Бросив в чемодан последнюю майку, висевшую в шкафу, Дианна выпрямилась и заправила выбившиеся из причёски пряди за уши.
— Не надо испытывать моё понимание и моё терпение, — вполголоса проговорила она, посмотрев на меня. — Рано или поздно всё кончается.
Я смотрел на неё с сожалением и молчал, не находя нужных слов.
— Ну и как же давно ты понял это? — сменив тон на иронично дружелюбный, спросила Дианна.
— Понял что?
— Хватит строить из себя слабоумного дурачка! Как давно ты понял, что любишь её, а не меня?
Опустив глаза, я растерянно пожал плечами.
— Не знаю…
— Бросай, Логан, всё ты знаешь. Когда?
— Что ж, — вздохнул, — наверное, я полюбил её ещё до того, как встретил тебя.
Взгляд Дианны наполнился горечью, она явно не ожидала услышать от меня таких слов.
— Так ещё лучше, — прошептала она и застегнула чемодан. — Насколько я понимаю, взаимных чувств ты не дождался. И чем же я была для тебя? Средством спасения?
Молчанием я подтвердил её догадки. Дианна улыбнулась и, пожав плечами, сказала:
— Очень приятно это осознавать. К чему ты вообще стремился, Логан? Я могла думать о тебе что угодно, но о таком… такого я даже предположить не могла.
— Наверное, я был обманут своими ощущениями, — виновато признался я. — Ты мне так понравилась при первой нашей встрече, и я правда думал, что влюбился в тебя… На самом деле нет.
— Ты же не спешил бросать меня! Да! Что же тебя останавливало, мой ненаглядный?
— Я ждал, что чувства проснутся.
— Откуда же им взяться? Ты бесчувственный сухарь!
— Не говори так, пожалуйста, — сказал я, совсем не обидевшись на слова Дианны.
— Помнишь, ты спрашивал про ребёнка внутри тебя? — вдруг задала вопрос она, прожигая меня своим пылающим ненавистью взглядом. — Ты спрашивал, выносим ли он. Так знай же, Логан, что ребёнок внутри тебя не-вы-но-сим. И перевоспитать его невозможно, потому что это надо было делать раньше! Сейчас ты ничего не исправишь, ничего!
Я с каким-то непониманием и исступлением смотрел на неё, после чего сказал:
— Ты так говоришь сейчас только потому, что хочешь обидеть меня... Но я не злюсь, я очень хорошо к тебе отношусь, Дианна… И я так благодарен тебе за всё.
— Ага, я тебе тоже. За всё.
— Мне жаль слышать от тебя всё это, — дрогнувшим голосом произнёс я и закрыл глаза. — Мне жаль, что теперь всё закончилось навсегда.

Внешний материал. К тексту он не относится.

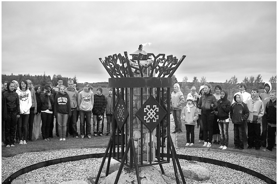
Tiek iedegta Ticības liesma.

С холодностью ничего не ответив, Дианна поставила чемодан на колёса и взялась за ручку.
— Позволь помочь, — сказал я, тут же оказавшись рядом с ней, и положил свою руку на ручку чемодана. Дианна отпрянула от меня так резко, словно мои прикосновения могли обжечь её. — И что? — тихо спросил я, взяв чемодан, — теперь ты будешь избегать меня?
— Мне очень трудно будет избегать тебя: ты и в телевизоре, и по радио, и в журналах. Не бойся, не переживай. Тебе будет гораздо проще.
— Думаешь, я хочу забыть тебя?
— А что ещё мне думать? — с каким-то отвращением спросила Дианна. — Что ты будешь хранить мои фото, целовать их перед сном и каждый день желать им спокойной ночи?
Когда мы спустились на первый этаж, я вдруг вспомнил слова Эвелин и воспроизвёл их:
— Я не хочу ничего забывать. Мне дороги любые воспоминания, пусть даже самые плохие.
Поставив чемодан у стены, я обернулся и взглянул на Дианну. Она, наклонившись, застёгивала босоножки. С правой ноги ей уже сняли гипс, но некрасивые шрамы всё ещё украшали её голень.
Глядя на Дианну, я почему-то улыбнулся. Очевидно, это была наша последняя встреча, и я хотел запомнить эту девушку любой, пусть даже такой обиженной и рассерженной, какой она была сейчас.
— Какими бы тяжёлыми ни были наши отношения в последнее время, — задумчиво начал я, — думаю, я всё равно буду скучать по ним.
Дианна взглянула на меня, но ничего не ответила. Мысленно я отметил, что она даже не заплакала, услышав от меня слова о моей любви к другой девушке.
— Давай я довезу тебя до дома? — предложил я и похлопал себя по карманам джинсов, разыскивая ключи от машины. — Это будет последним, что я сделаю для тебя.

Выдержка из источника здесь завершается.